----- PROVIDED RECORDS -----
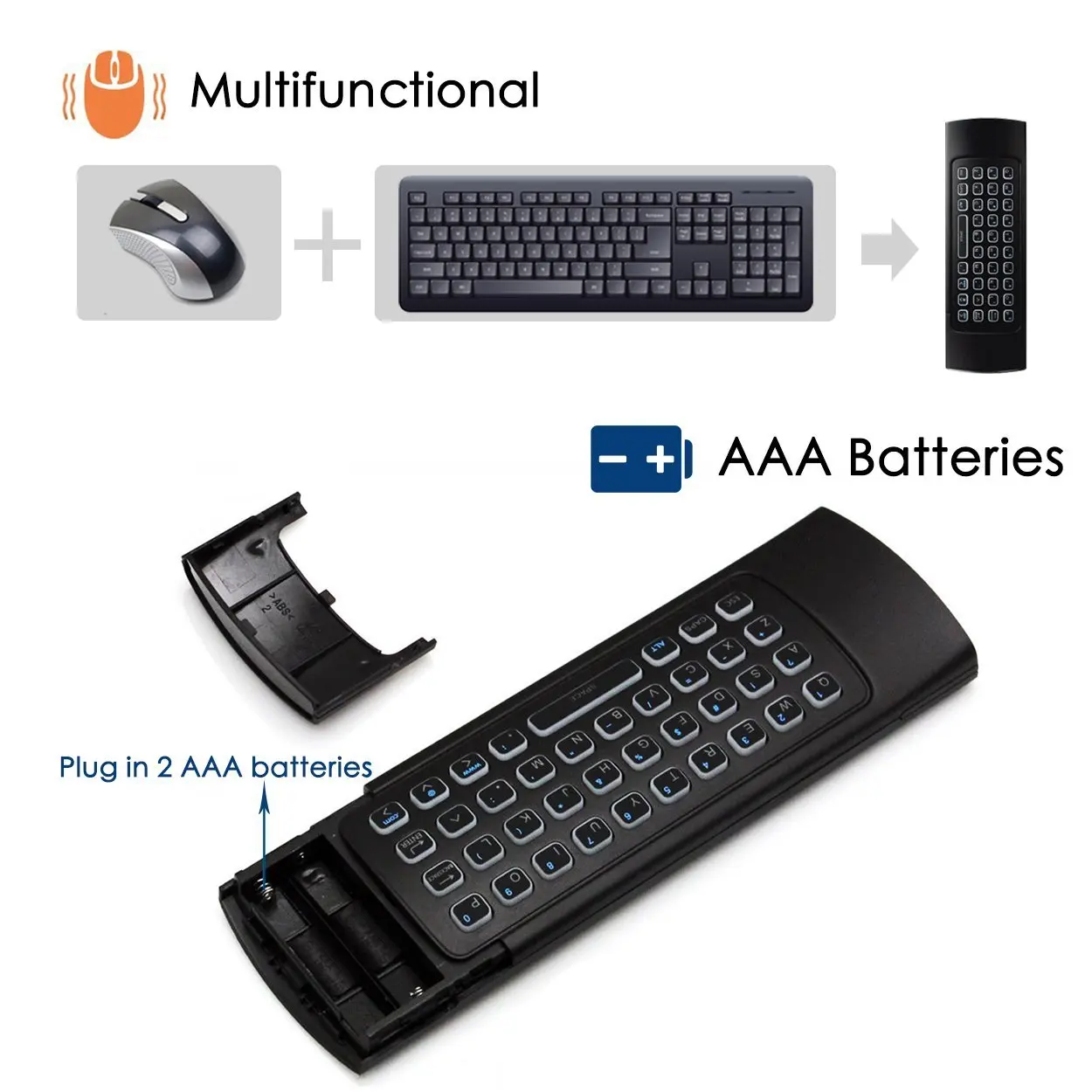 Многофункциональная, беспроводная мини-клавиатура и ИК-пульт дистанционного управления и Fly Mouse Combo, с usb-интерфейсным приемником Совместимость с Google Android Smart TV/Box, IPTV, сетевая приставка, мини ПК, HTPC, Windows ,MAC OS,PS3, проектор и т. Д. Используйте его, чтобы легко вводить текст, просматривать Интернет и играть в игры с помощью унифицированной клавиатуры и пульта ДУ. Вам никогда не придется покидать диван. Подключи и работай, расстояние передачи до 10 метров. 3-гироскоп + 3-Gsensor, удобно работать в горизонтальном и вертикальном режиме для игр и ввода текста ИК-обучение: он учится до 5 клавиш на вашем ТВ ИК-пульте
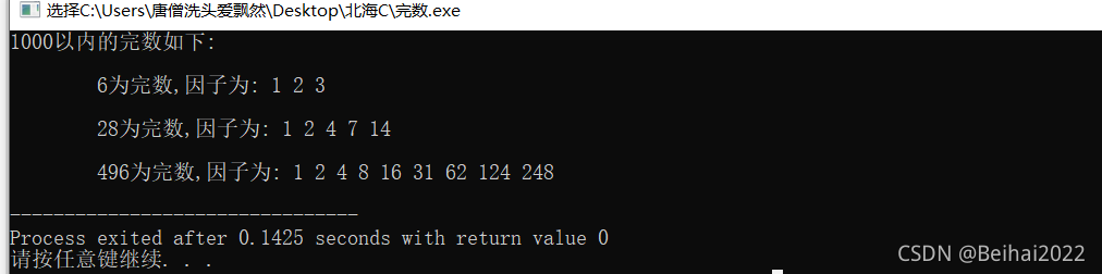 例如:6的因子为1,2,3,而6=1+2+3,因此6为“完数”。
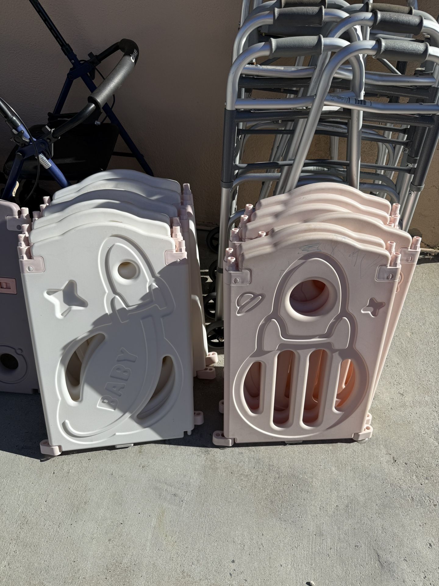14 panels including big front and back piece Light weight plastic with suction on bottom Pink and white excellent condition One does have crayon writing on it as shown
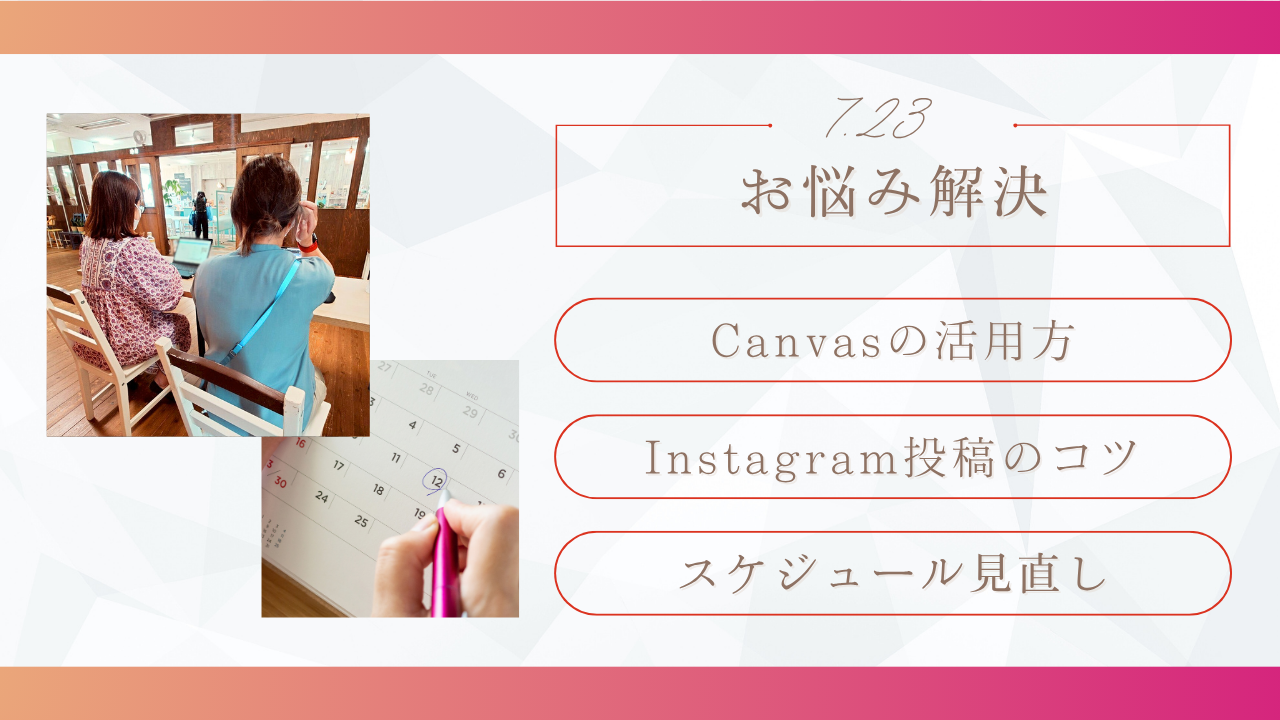 Canvasの活用方はもちろん、Instagramでの投稿のコツなども教えていただき、自分のこれまでの発信を見直すこともできました✨今後のスケジューリングまで一緒に考えていただき、とても心強かったです☺️
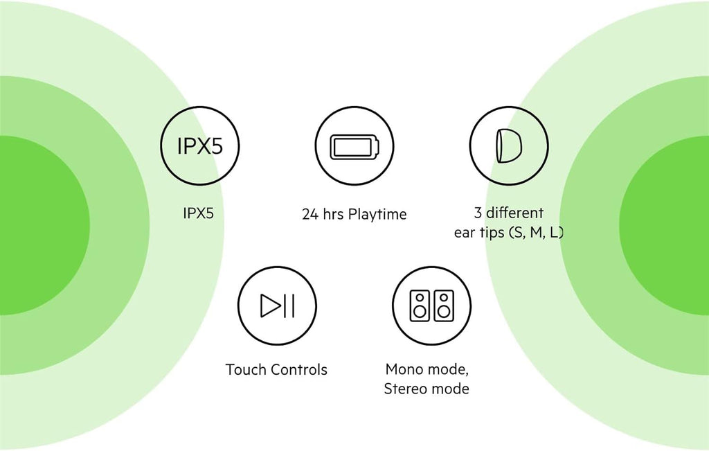 Special features: Touch controls, IPX5 Rated, 24 hrs Playtime
-----
[WHAT TO WORK ON]: The entries above need to be transcribed word for word, and the pictures stay out.

[WRITTEN REPLY]:
 Многофункциональная, беспроводная мини-клавиатура и ИК-пульт дистанционного управления и Fly Mouse Combo, с usb-интерфейсным приемником Совместимость с Google Android Smart TV/Box, IPTV, сетевая приставка, мини ПК, HTPC, Windows ,MAC OS,PS3, проектор и т. Д. Используйте его, чтобы легко вводить текст, просматривать Интернет и играть в игры с помощью унифицированной клавиатуры и пульта ДУ. Вам никогда не придется покидать диван. Подключи и работай, расстояние передачи до 10 метров. 3-гироскоп + 3-Gsensor, удобно работать в горизонтальном и вертикальном режиме для игр и ввода текста ИК-обучение: он учится до 5 клавиш на вашем ТВ ИК-пульте
 例如:6的因子为1,2,3,而6=1+2+3,因此6为“完数”。
14 panels including big front and back piece Light weight plastic with suction on bottom Pink and white excellent condition One does have crayon writing on it as shown
 Canvasの活用方はもちろん、Instagramでの投稿のコツなども教えていただき、自分のこれまでの発信を見直すこともできました✨今後のスケジューリングまで一緒に考えていただき、とても心強かったです☺️
 Special features: Touch controls, IPX5 Rated, 24 hrs Playtime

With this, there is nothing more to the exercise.